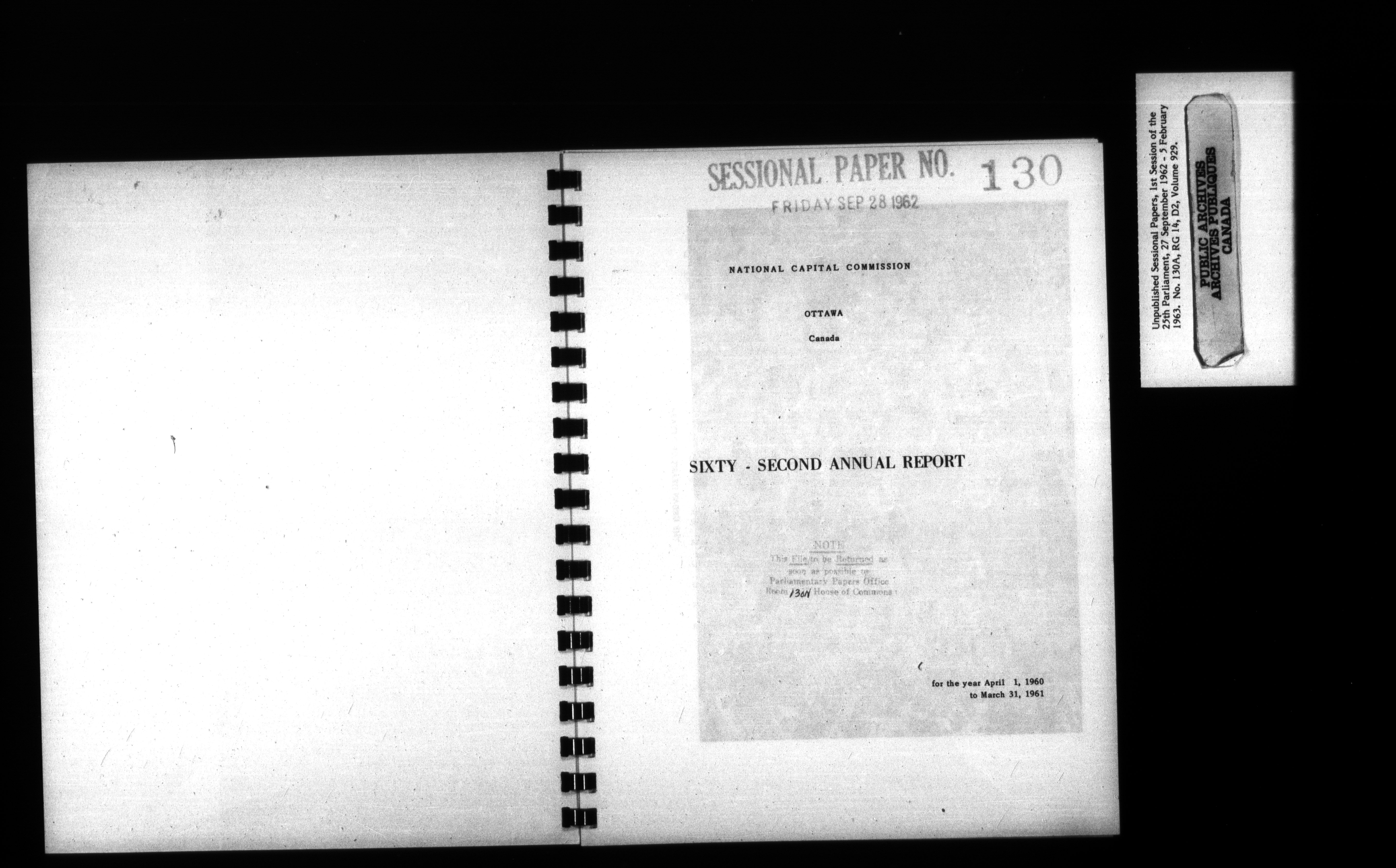 Unpublished sessional papers, 1st Session, 25th Parliament - 3652
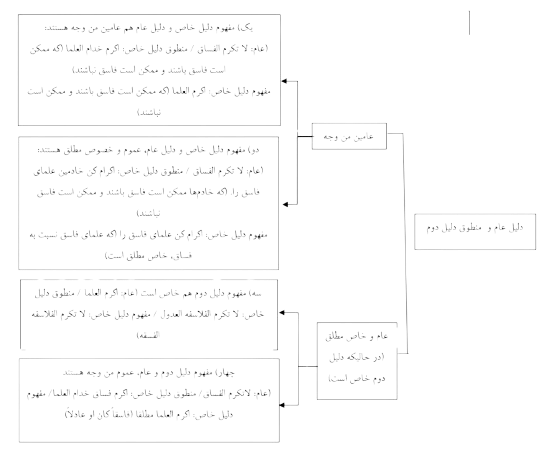 [عام: اکرم العلما / منطوق خاص: اکرام نکن فلاسفهی عادل را / مفهوم دلیل خاص: اکرام نکن فلاسفه فاسق را]
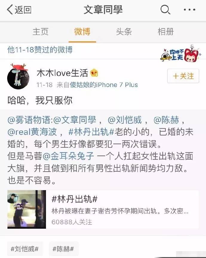 而同样马伊琍怀孕期间,文章出轨姚笛,简直与林丹情节一模一样。

## REQUIRED ACTION:
From the line that contains "[عام: اکرم العلما" to the last line of the data above, inclusive, transcribe every line exactly and only those lines, omitting pictures.

## EXERCISE OUTPUT:
 [عام: اکرم العلما / منطوق خاص: اکرام نکن فلاسفهی عادل را / مفهوم دلیل خاص: اکرام نکن فلاسفه فاسق را]
 而同样马伊琍怀孕期间,文章出轨姚笛,简直与林丹情节一模一样。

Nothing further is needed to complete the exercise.